— YOUR ASSIGNMENT —
Copy exactly the lines of the data below, beginning with the line with "不同的等级在选择装备的时候是" and ending with the line with "サスティア プラス ナイトクリーム/30g(約1ヵ月分)※3". Pictures are to be omitted.

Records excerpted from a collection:
-=-=-=-=-
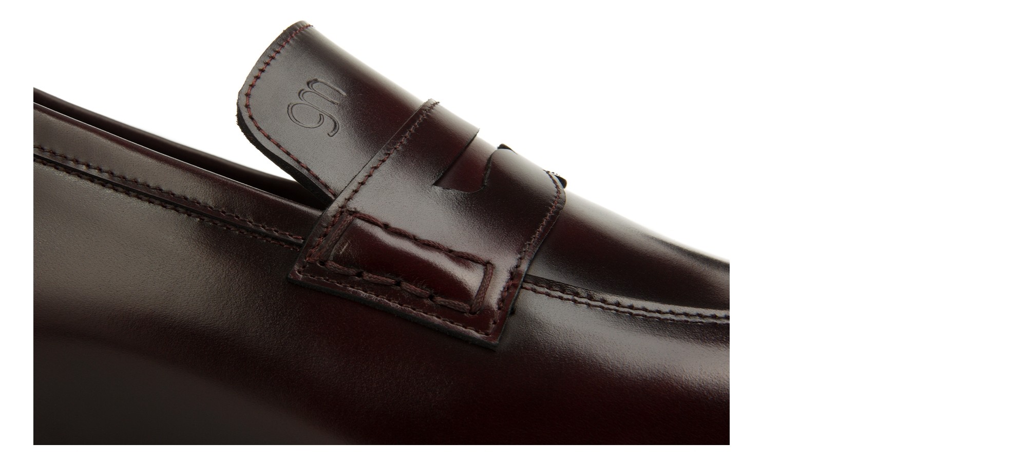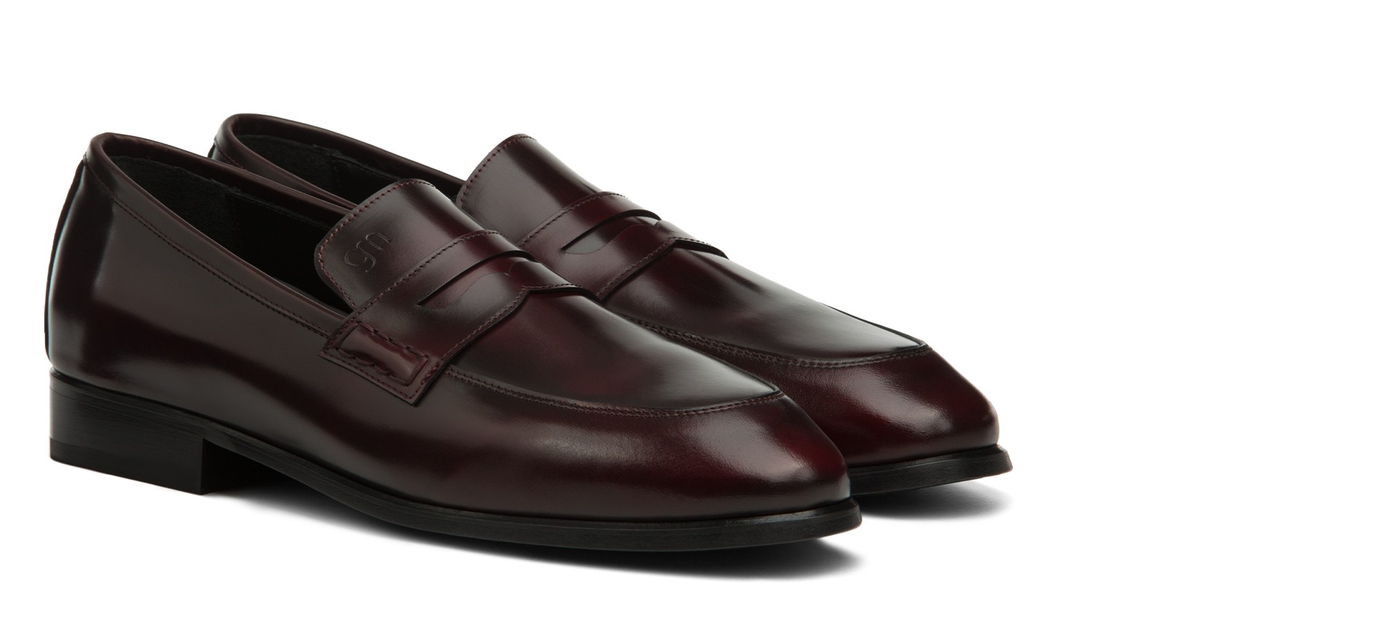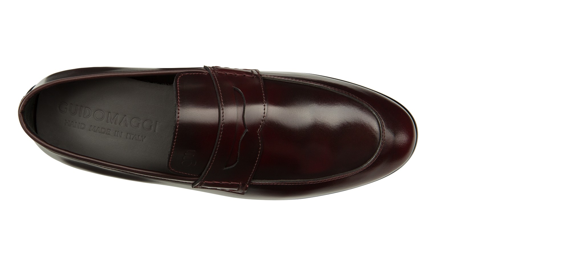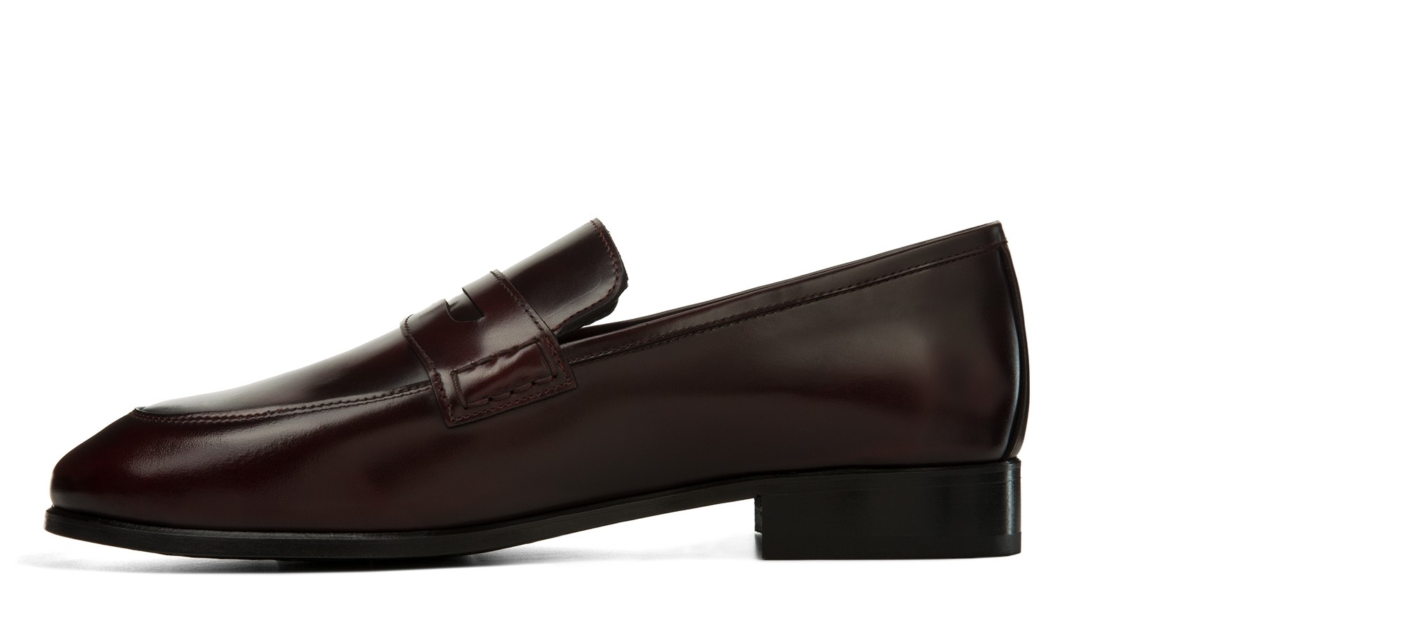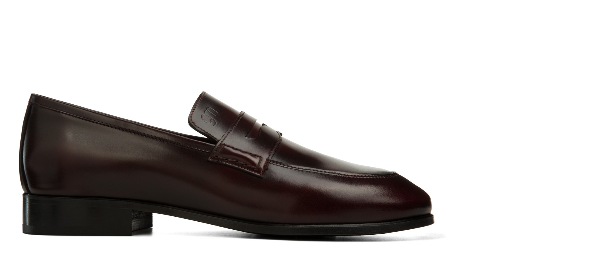Raffinato: il mocassino rialzante Lucerne è realizzato in pelle di vitello spazzolato dalla nuance bordeaux scuro e suola in vero cuoio cucita a mano.
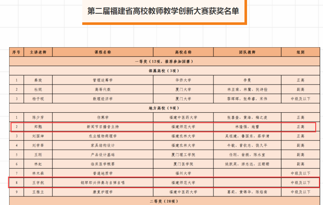 近日,第二届福建省高校教师教学创新大赛决赛在福州落下帷幕。爱体育网_爱体育网(中国)两位入围决赛教师均获得一等奖,其中,传播学院郑甦获正高组一等奖,音乐学院王宇航获中级及以下组一等奖,两位教师将代表我省参加全国高校教师教学创新大赛,同时,爱体育网_爱体育网(中国)荣获优秀组织奖。
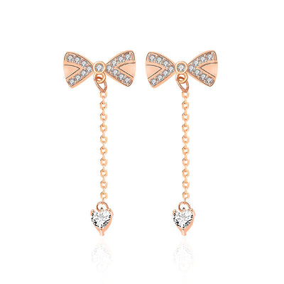 Sterling Silver Bowknot Tassel Simple Stud Earrings
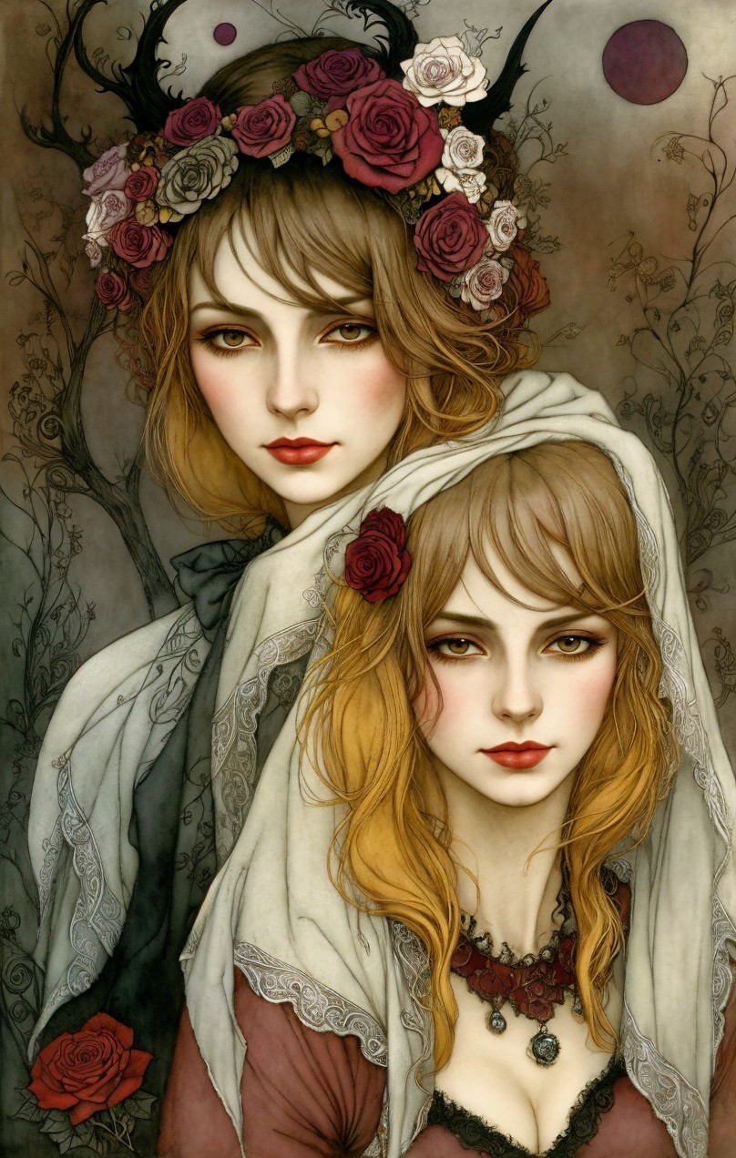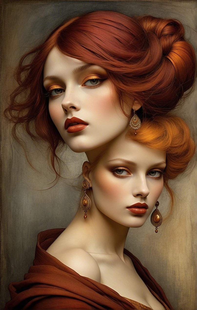 A striking portrait of a woman with long, flowing red hair and a deep auburn gown. Her piercing eyes and elegant pose exude a sense of grace and mystery against a muted background.
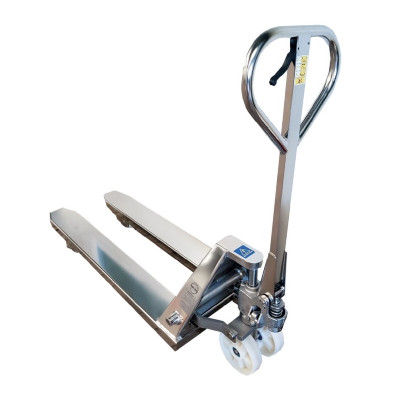 TRANSPALETTE MANUEL INOX 304 - ROUES NYLON - CHARGE MAX 3000 KG - 550 MM X 1250 MM
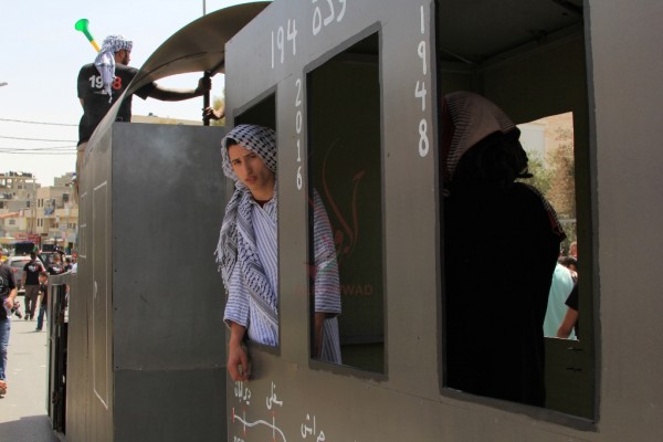 القطار الذي اشرف على تجهيزه كل من اللجنة التنسيقية للمقاومة الشعبية والشبكة العالمية للاجئين والمهجرين تقدم مسيرة لاحياء ذكرى النكبة الـ68 التي تصادف اليوم وذلك بمشاركة القوى الوطنية ومؤسسات المجتمع المحلي .
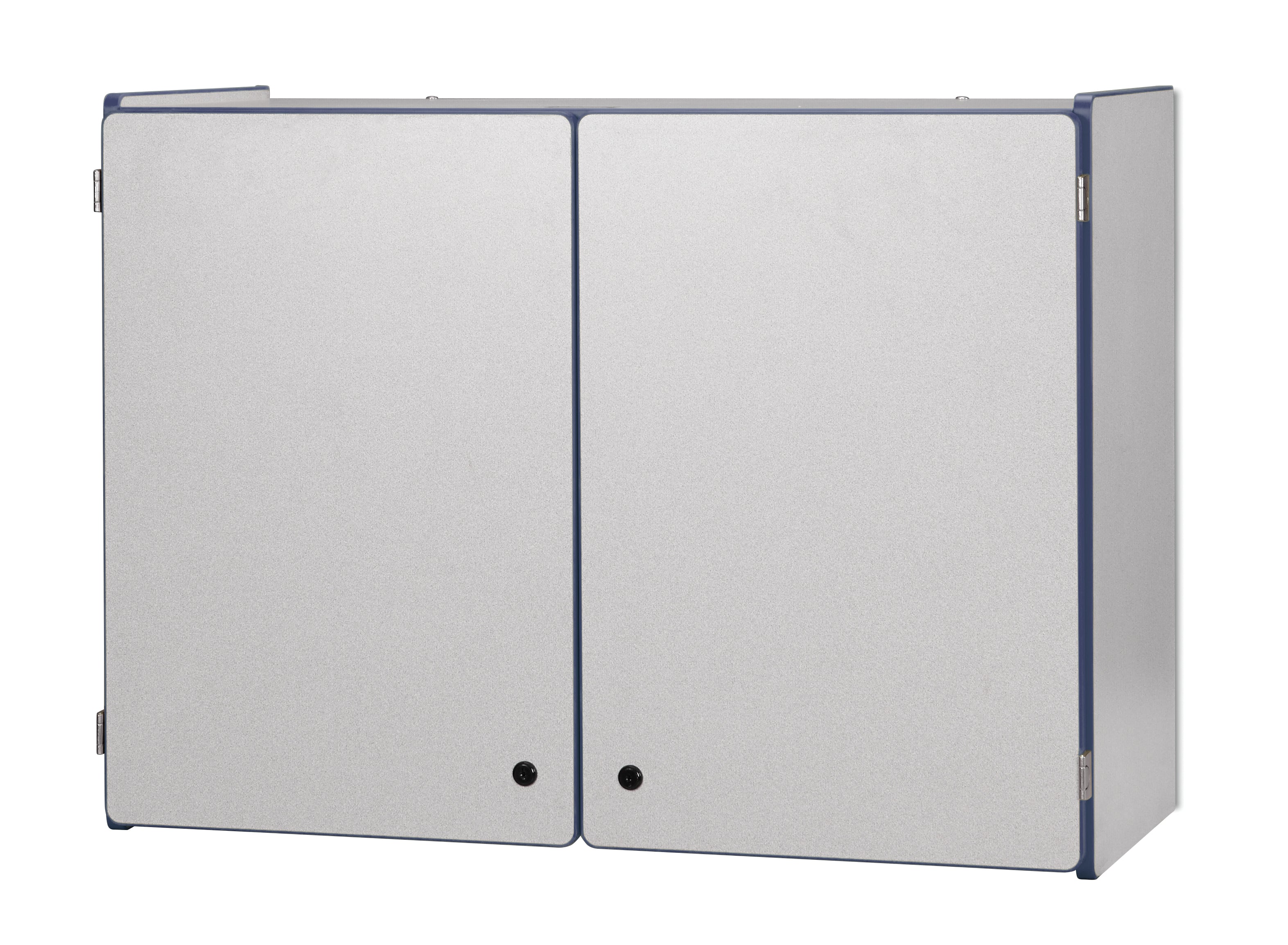 Safeguard supplies in this lockable wall cabinet. Perfect for storing above a Diaper Changer for additional storage. Features two adjustable shelves to allow for storing items of various sizes. Lock-n-key and easy to mount wall bracket included. Constructed of double-sided freckled gray laminate with navy TRUEdge.KYDZSafe edges. KYDZStrong construction. TRUEdge. Constructed of 5/8Ó thick freckled-gray Thermally Fused Laminate (TFL). See cleaning recommendations at www.jonti-craft.com/cleaning.
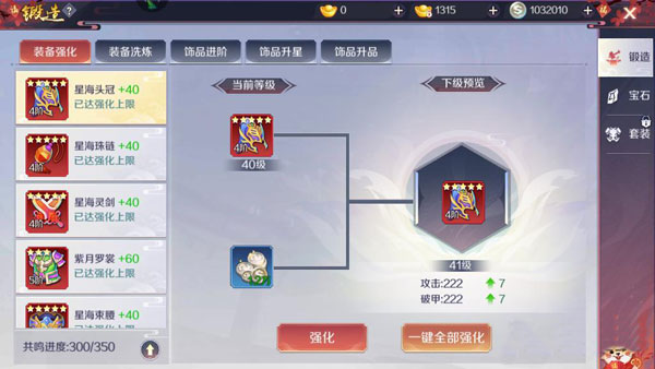 不同的等级在选择装备的时候是有区别的,随着等级的提升,装备的颜色品级和星级都会逐渐的提高。玩家想要获得这些高级装备,BOSS挑战就是比较直接的一个途径。该玩法虽然说会消耗大量的魂力,但是活动和任务都可以获得魂力秘典,可以用来直接恢复魂力值。在得到好的装备之后,可以采用以下几个方式来进行打造。
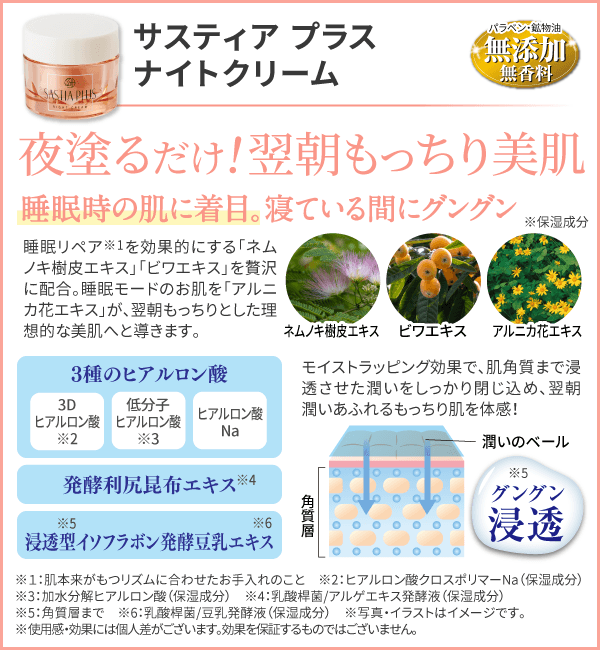 サスティア プラス ナイトクリーム/30g(約1ヵ月分)※3
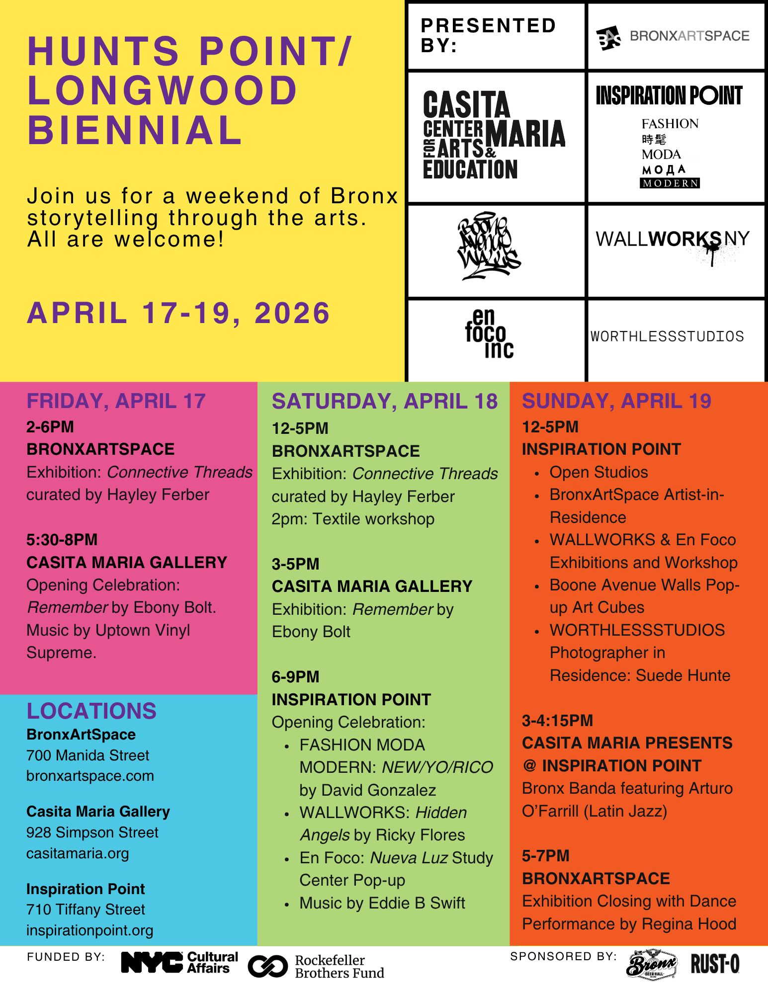 This April, BronxArtsSpace, Casita Maria Center for Arts & Education and Inspiration Point proudly present our first-ever Hunts Point/Longwood Biennial, a landmark cultural event taking place April 17–19. This initiative brings together a vibrant network of Bronx arts organizations, artists, curators, and community spaces in a shared celebration of creativity focused on storytelling across disciplines. Additional partners include: Boone Avenue Walls, En Foco, WALLWORKS, and WORTHLESSSTUDIOS.
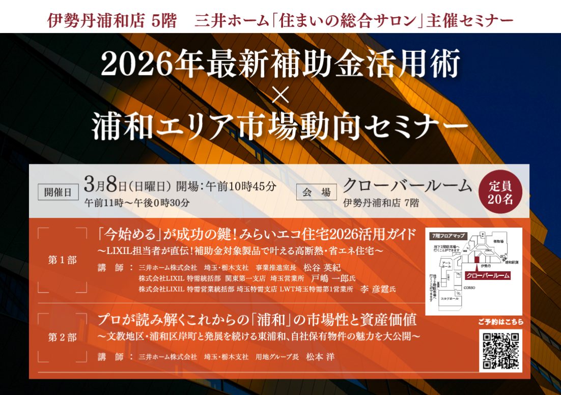 【住まいの総合サロン・浦和】2026年最新補助金活用術 × 浦和エリア市場動向セミナー
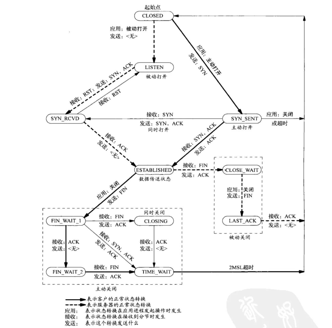 先来看看下面这张图,是UNIX网络编程中,TCP状态变化的经典流程图:
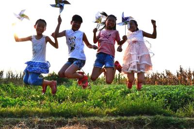 图6: 8月5日,郧县柳陂镇中心小学四年级学生小星语和同学手持风车在田埂上开心玩耍。
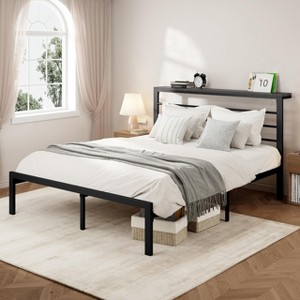 Allewie Modern Bed Frame with 4.7" Headboard Shelf, Heavy-Duty Platform Bed Frame, No Box Spring Needed
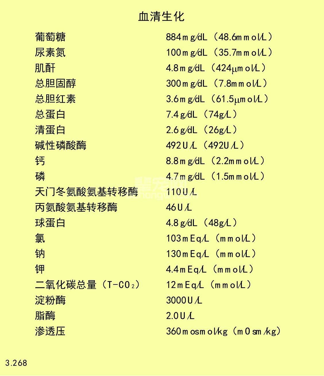 图3.268 图3.237中患犬的血液生化指标异常。这些血液生化指标支持了高渗透压性糖尿病性酮酸中毒和肾衰竭的诊断。血液淀粉酶和脂酶超过正常水平2倍以上,支持了急性胰腺炎的诊断。钙盐形成使血钙浓度降低。肝脂沉积和胆脂沉积使肝酶浓度升高,而低血钠可能由于肾小管钠吸收障碍,渗透压性多尿症和呕吐造成。高血脂或高血糖可能引起假性低血钠。总CO2浓度降低可能提示代谢性酸中毒,高血糖使渗透性升高。
-=-=-=-=-
— REPLY —
 不同的等级在选择装备的时候是有区别的,随着等级的提升,装备的颜色品级和星级都会逐渐的提高。玩家想要获得这些高级装备,BOSS挑战就是比较直接的一个途径。该玩法虽然说会消耗大量的魂力,但是活动和任务都可以获得魂力秘典,可以用来直接恢复魂力值。在得到好的装备之后,可以采用以下几个方式来进行打造。
 サスティア プラス ナイトクリーム/30g(約1ヵ月分)※3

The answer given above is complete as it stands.